Der wissenschaftlicher Direktor am Institut für Transformative Nachhaltigkeitsforschung in Potsdam, Ortwin Renn, verteidigte ebenfalls den deutschen Atomausstieg. Renn war Teil der Ethikkommission, die die Regierung beraten hat. Er sagte dem "Tagesspiegel" (Donnerstag), dass die modernen Kraftwerke zwar auf einem sehr hohen technischen Sicherheitsstandard seien und die Wahrscheinlichkeit, dass es zu einem Super-GAU komme, sehr gering sei. Komme es aber dazu, seien die Folgen in dicht besiedelten Ländern wie Deutschland unübersehbar. Für weitere Risiken wie der Endlagerung des radioaktiven Abfalls gebe es zudem noch immer keine überzeugende Lösung.

Mehr als 50 Umwelt- sowie Friedens-, Jugend- und Anti-AKW-Organisationen forderten indes in einem gemeinsamen Papier den konsequenten Ausstieg aus der Atomkraft weltweit. Die mit dem Friedensnobelpreis prämierte Ärzteorganisation IPPNW erklärte, zivile und militärische Atomprogramme seien eng verknüpft: Atomwaffenprogramme würden heute ohne die zivile Nutzung der Atomenergie nicht finanzierbar sein.

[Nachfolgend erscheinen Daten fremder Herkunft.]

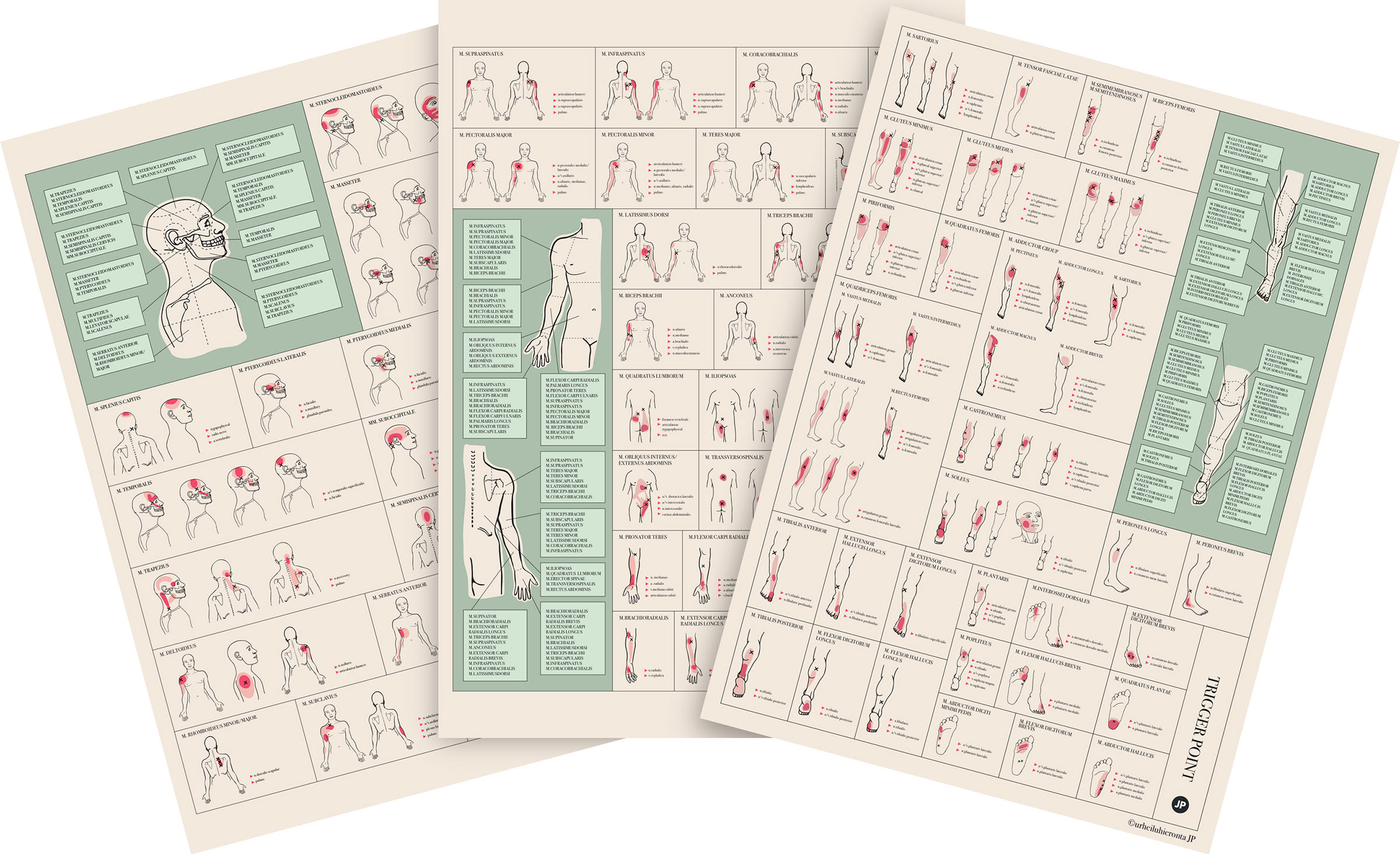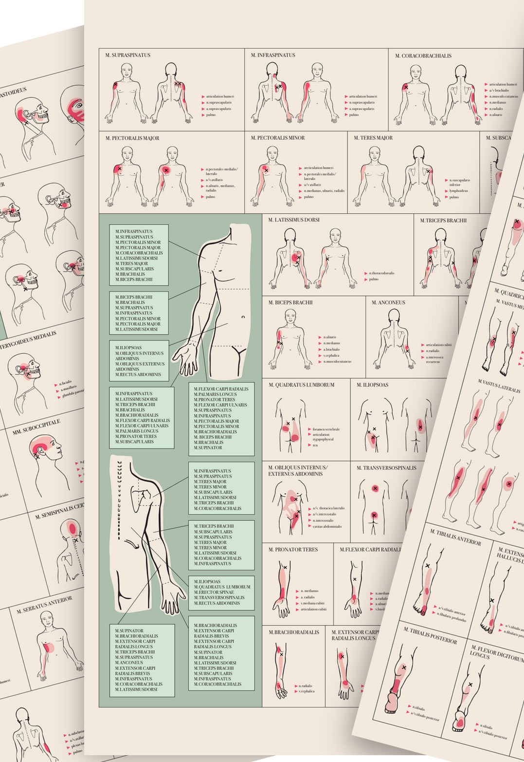 3 triggerpistekarttaa, joiden avulla löydät nopeasti tiedon sekä ylä- ja alavartalon triggerpisteiden sijainnista ja niiden heijastealueesta. Erinomainen työväline manuaalisen terapian ammattilaisille.
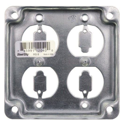 STEEL CITY RS8 STEEL 2-GANG DUPLEX OUTLET/RECEPTACLE COVER, 1/2" RAISED, 4-INCH
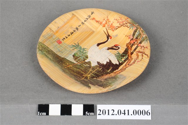白鶴圖之竹製盤
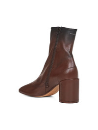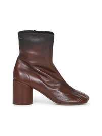 - Zip fastening at inner leg - Anatomic mm6 toe - Two-tone gradient ombre-effect leather upper - White stitch line at back - Thick leather-covered rounded cylindrical heel - Leather lining and insole - Leather sole - Heel height: 80mm - Brown color - 100% ovine leather - Made in italy Furs & Skins: Ovine Leather (top grain)100 % Made in: Italy Season: A25 S66WU0131P7439HB099
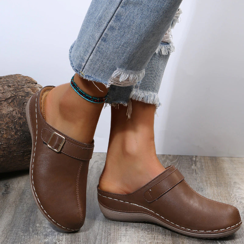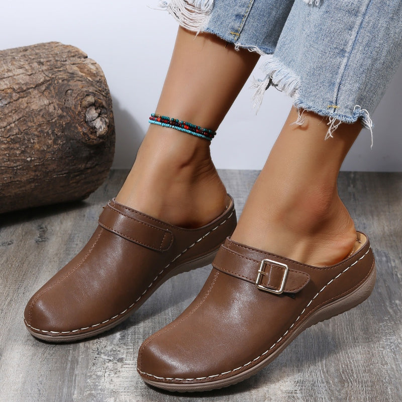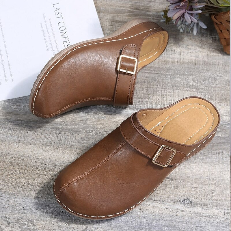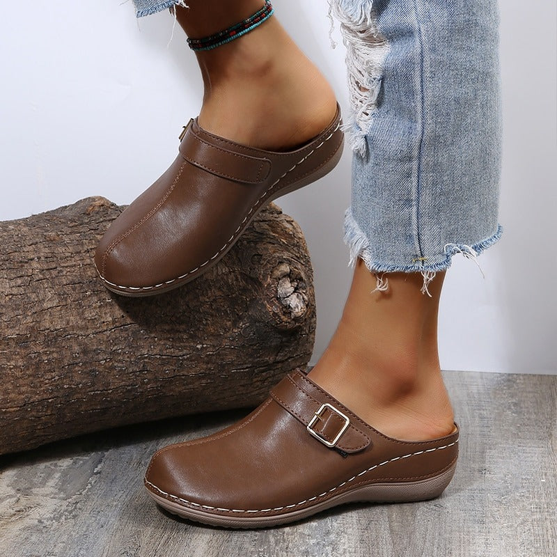 Breathable Retro Slip-on Vegan Leather Half Shoes
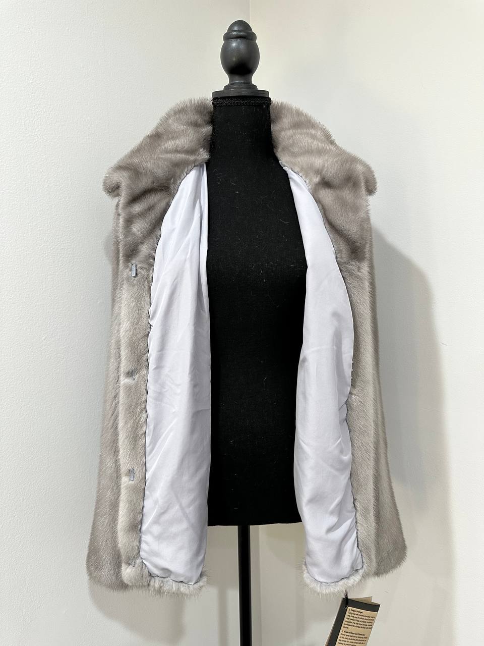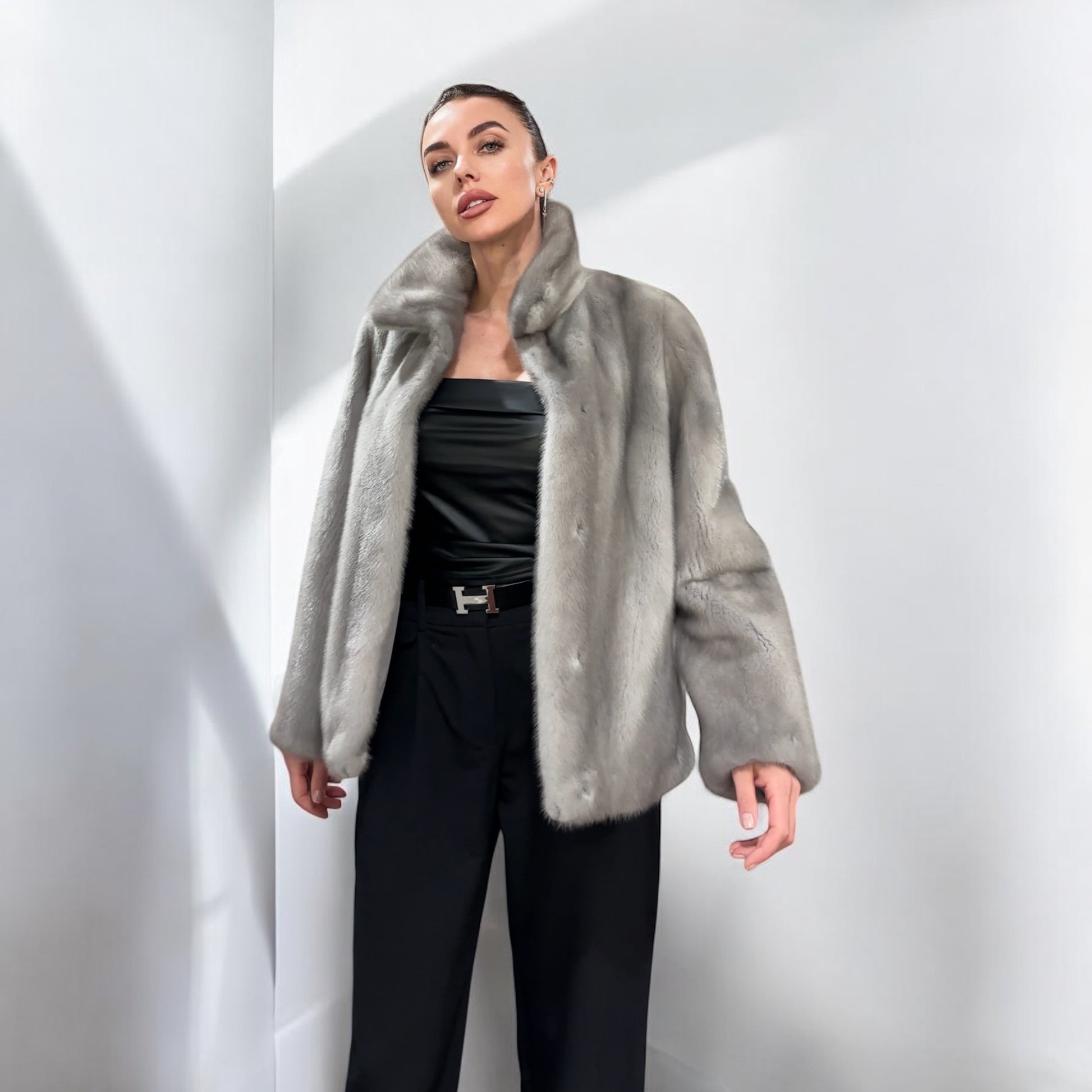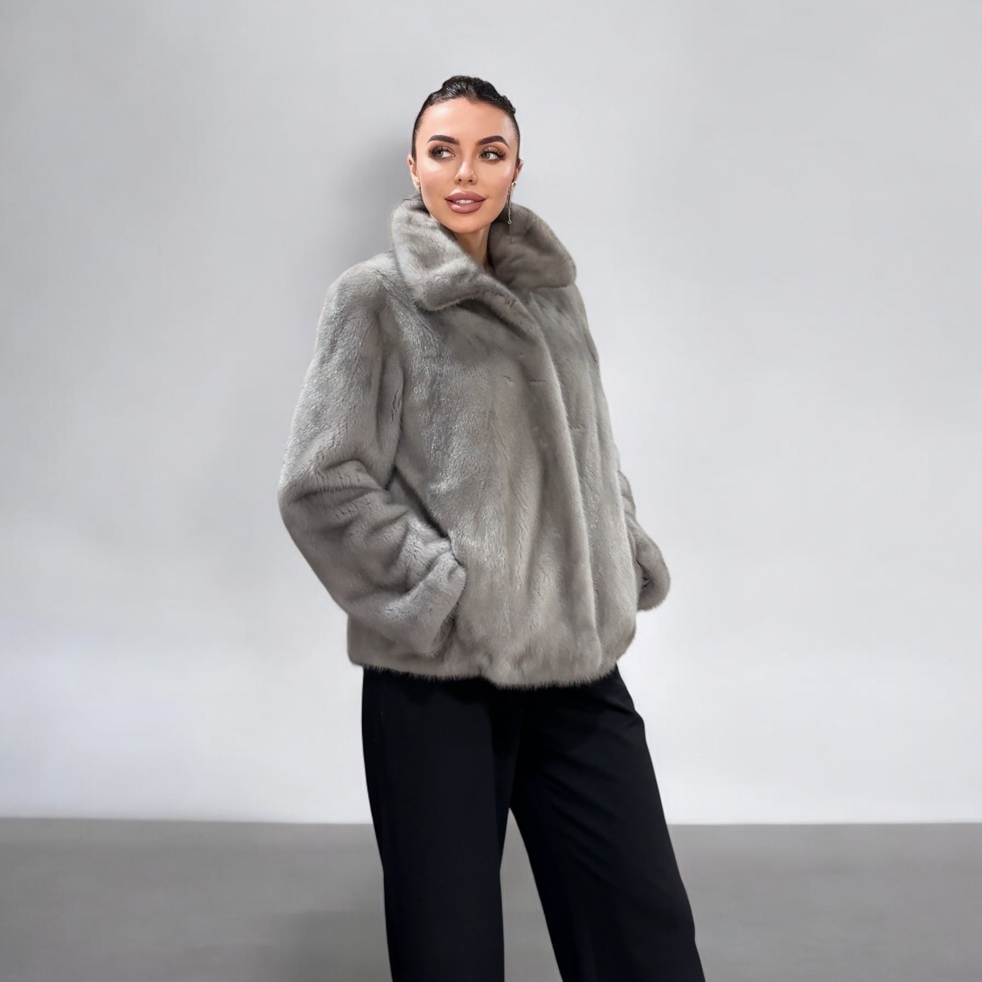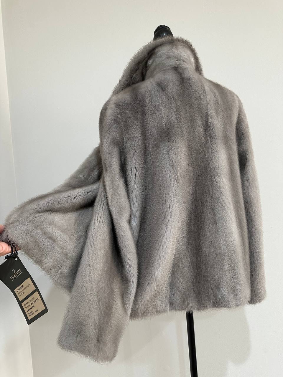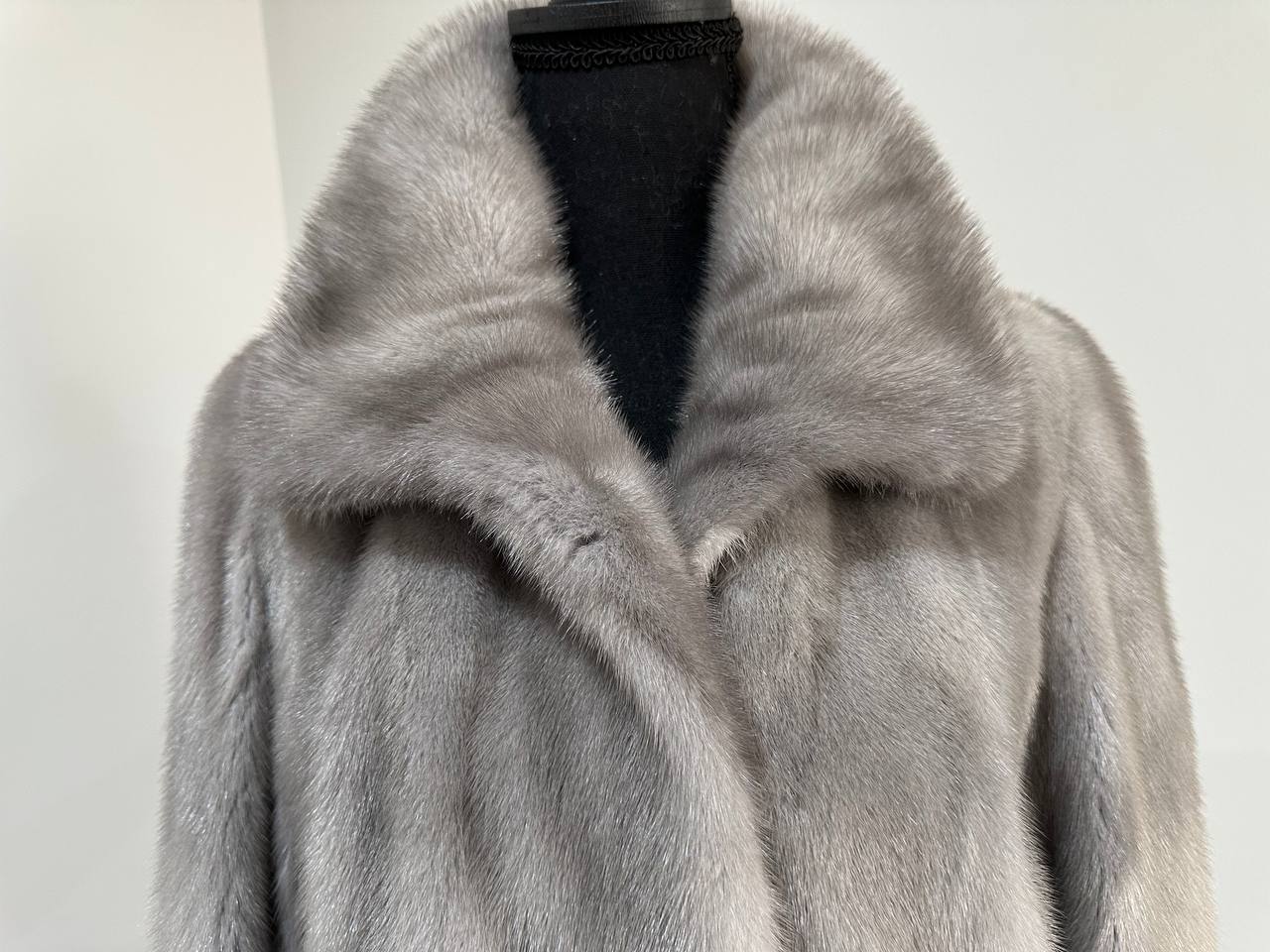 branded women's short mink coat made of luxurious Finnish mink, size M. The model is straight, there are 2 pockets. Fur - natural color, grey. Soft chic, delicate pile, thick down, soft, warm. Solid plates. Viscose lining, sewn hem. There is also 1 pocket inside. Ukrainian manufacturer.

Die Katastrophe in Japan begann am 11. März 2011 mit einem Seebeben und einem Tsunami. In drei Blöcken des AKW Fukushima Daiichi kam es zur Kernschmelze und somit zum Super-Gau. Radioaktive Wolken zogen von Fukushima über Japan und den Pazifik. Rund um das Kraftwerk gibt es bis heute eine 300 Quadratkilometer große Sperrzone.